Tracking filter

When opening a new Tracking filter math function the following setup window will appear:

Tracking filter has a center frequency that is always tuned to the Frequency source. This allows all other signals to be rejected from measurement and control.

Tracking filters greatly reduce the noise and harmonic signals above and below the signal’s center frequency. The narrower the bandwidth¬†of the tracking filter. the more the rejection of harmonics and noise outside of the filter’s bandwidth.

The Tracking filter takes time signals as input e.g. analog input channels, and outputs filtered time signals - sample by sample.

Basic

Under Basic you define the extracted order components and its shape:

Extracted order - the order being extracted. This can only be a single integer number.

Fixed bandwidth - the width of the frequency band around the extracted order. For example, running steady with 600 RPM and setting the Fixed bandwidth to 10 Hz - if the Extracted order is 1 then this will extract from 5 Hz to 15 Hz since the first order is centered at 10 Hz (600 RPM / 60). Hereby only that first order will be extracted since the second order is centered at 20 Hz.

Sidelobe fall-off - the cut-off steepness of the defined band.

Frequency source

In this section you select the tracking (frequency) source:

Frequency channel - when Frequency channel is selected a channel must be selected to manage the frequency to track after. In this way the tracking frequency can variate with the selected signal.

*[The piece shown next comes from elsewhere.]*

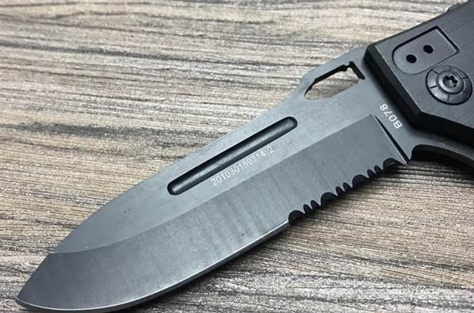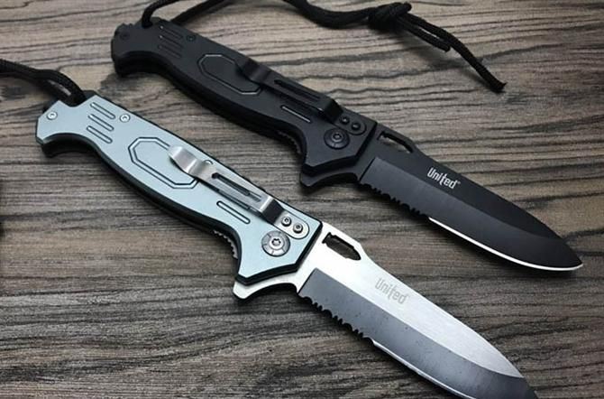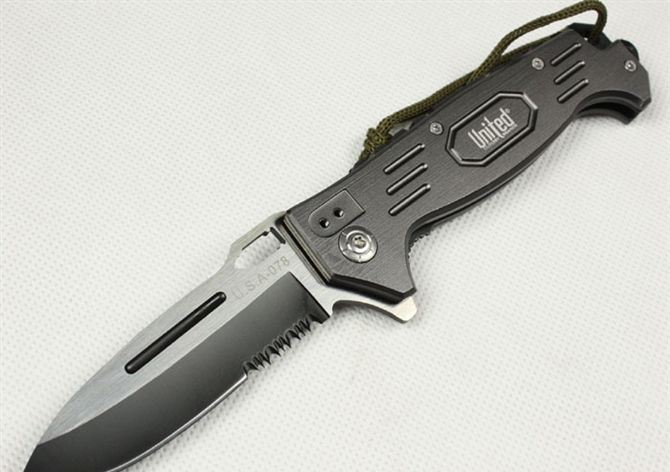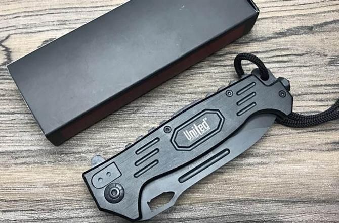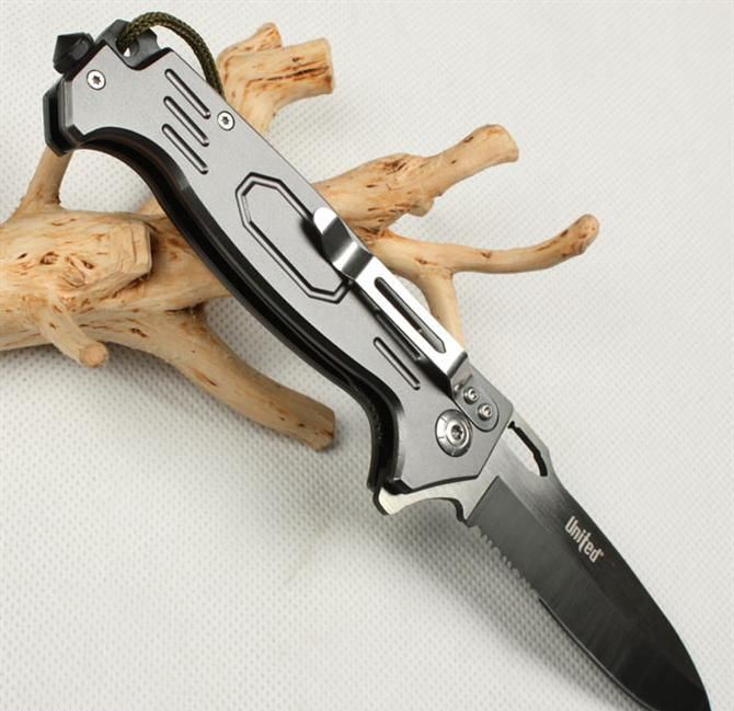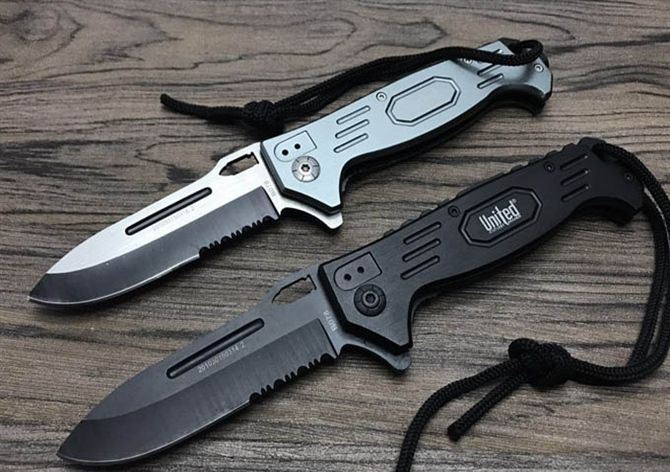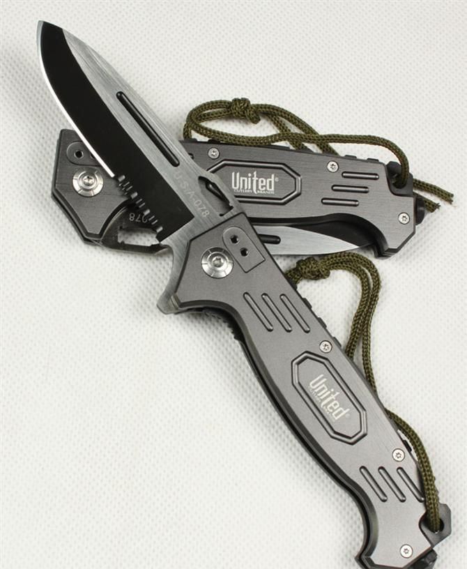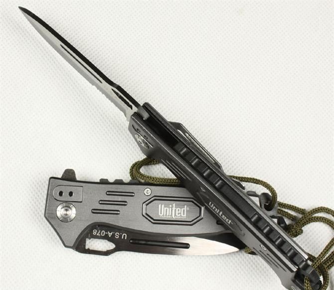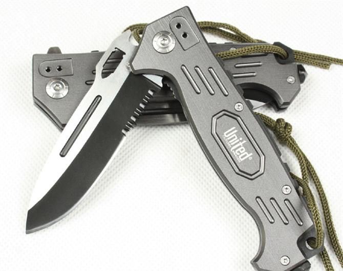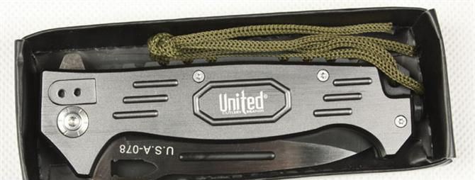 UC枪神折刀 刃材:440 硬度: 57HRC 全长:21.5CM 刃长:9CM 刃厚: 0.28CM 刃宽:2.5CM (最宽处) 柄长: 12.5CM 涂层:发黑+拉砂 柄材: 铝 重量:155克 锁定:线

Fixed frequency - the user specifies a fixed frequency to track after.

Frequency smoothing

Exponential averaging can be applied to the time signal of the extracted order.

Exp. avg. factor - the check box will enable/disable the averaging. The user-defined number must be between 0 and 1, and determines the weight of the current time sample in the exponential average compared to the previous time sample. For example, setting the number to 0.1 means that 10 % of the current sample and 90 % of the previous sample will be used:

If the smoothing factor is referred to as SF, then:

smoothed output sample = SF * current sample + (1 - SF) * previous smoothed sample.